Most instructions take their parameters as SSA values. The exceptions are lci/lcf/lcd which take immediate constants and jump-labels which must be labels returned by Proc::newLabel(). For instructions with output values, the methods return the new SSA values and other instructions return void.

Next you can either call Proc::compile() to obtain native code, or you can create a bjit::Module and pass the Proc to Module::compile() which will return an index. Either of these can take an "optimization level" (default: 1) that can be 0 for DCE-only, 1 for "safe" or 2 to allow "unsafe" optimizations (eg. "fast-math" floating-point, allow exceptions from integer div-by-zero to occur earlier/later than expected, etc; essentially slighly more stuff is treated as "undefined behaviour").

Multiple procedures can be compiled into the same module. See below on how procedures can call each other or external functions. Module::load() will load the module into executable memory and Module::unload() will unload it. A module can be loaded and unloaded multiple times. Additional procedures can be compiled at any time, but they will not be loaded until the Module is either reloaded or module is hot-patched with Module::patch() (see bjit.h for details).

When a Module is loaded call Module::getPointer<T>() with an index returned by Module::compile() to get a pointer to your function (with T being the type of the function; we don't check this, we just typecast for you). See one of the tests (eg. tests/test_add_ii.cpp) for an example.

Instructions expect their parameter types to be correct.
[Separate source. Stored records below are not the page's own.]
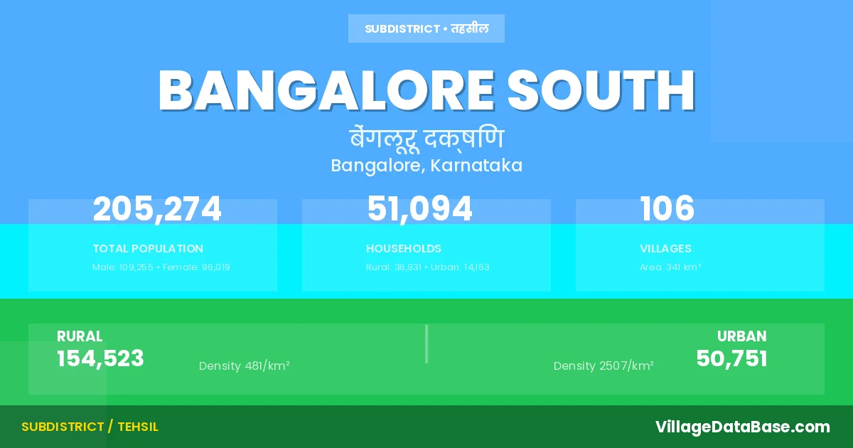 According to the 2011 census The total area of Bangalore South Taluka is 341 km², with a population of 205274 people. The population density is 601 inhabitants per square kilometre, and there are approximately 51094 houses in the sub district.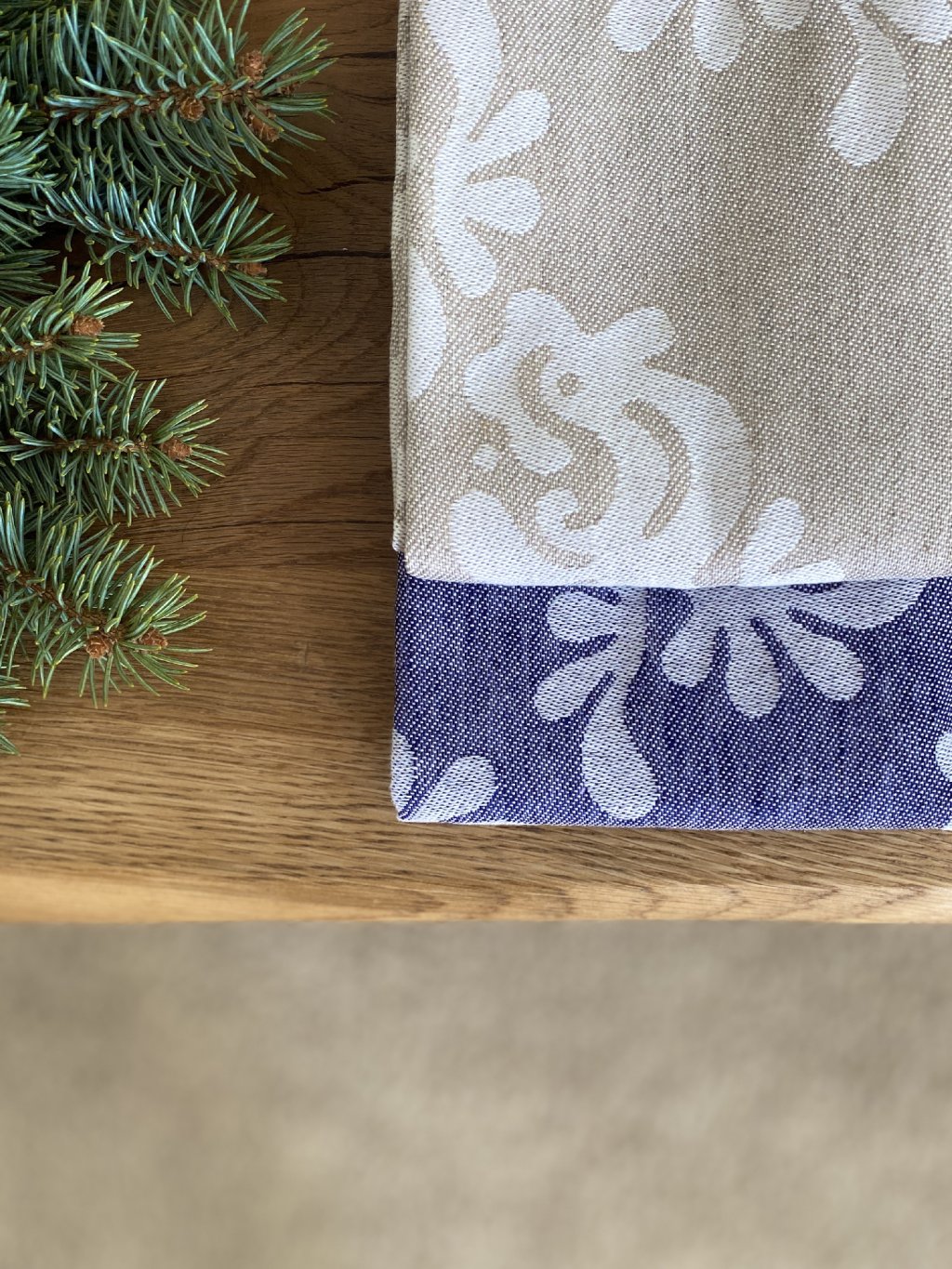 Farba a vzor: Prírodná režná alebo tmavomodrá. Žakárový vzor je inšpirovaný slovenskou výšivkou z trnavského regiónu – jemne tradičný, ale stále nadčasový.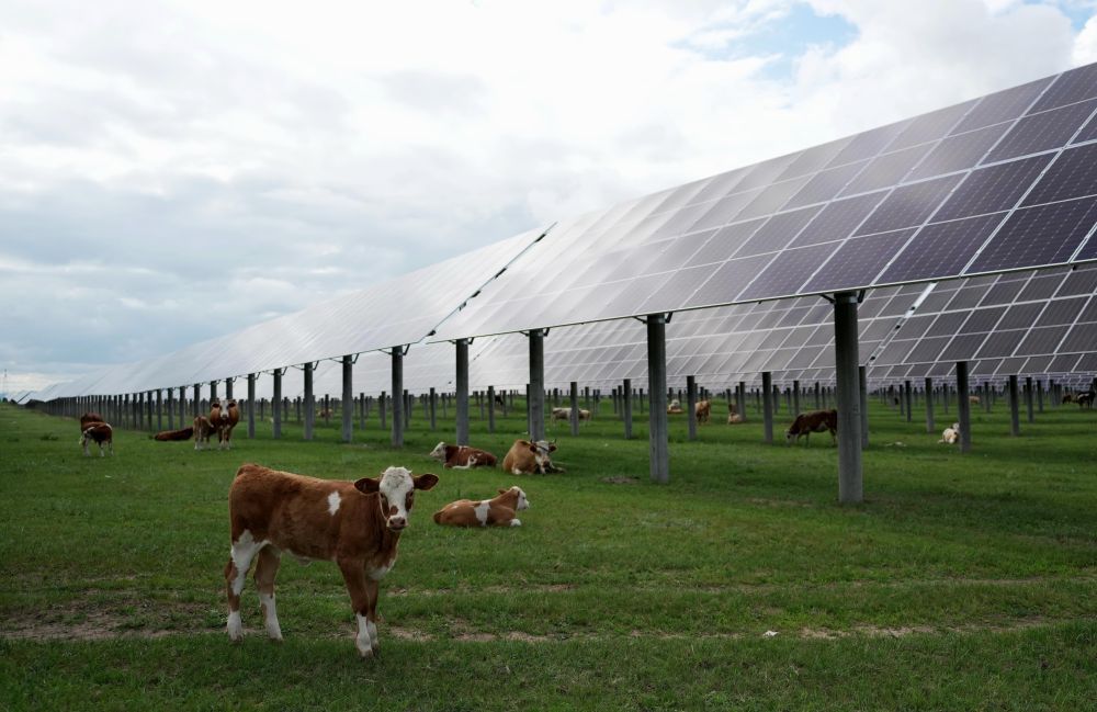 牛群在河北省圍場滿族蒙古族自治縣御道口鎮(zhèn)附近的一處“牧光互補(bǔ)”光伏發(fā)電場吃草(2024年7月25日攝)。新華社記者 楊世堯 攝

Passing floating-point values to instructions that expect integer values or vice versa will result in undefined behaviour (ie. invalid code or BJIT_ASSERT; the latter will either call assert or throw bjit::internal_error depending on whether compiled with exceptions). Exceptions should not leak memory, but if you catch an exception, then you should assume that the throwing Proc (or Module) is no longer in consistent state.

The compiler should never fail with valid data unless the IR size limit is exceeded. The limit is 64k IR instructions; we throw bjit::too_many_ops if compiled with exceptions, otherwise we assert as usual; note that instructions removed by DCE and renames/reloads generated during register allocation count towards this limit, so it can also happen during compile(), but if you're seriously worried about this limit, then Bunny-JIT is probably not the best choice for your use-case.

As we do not expect to fail when used correctly (ie. if you're writing a front-end language, your front-end should do the error-checking), we do not provide other error reporting beyond generic BJIT_ASSERT (if you trap these in debugger though, the failure conditions should typically give a reasonable hint as to what went wrong). In practice, at this time it probably will BJIT_ASSERT on valid code in some cases; I'm working on test coverage, but please report a bug if you come across such cases.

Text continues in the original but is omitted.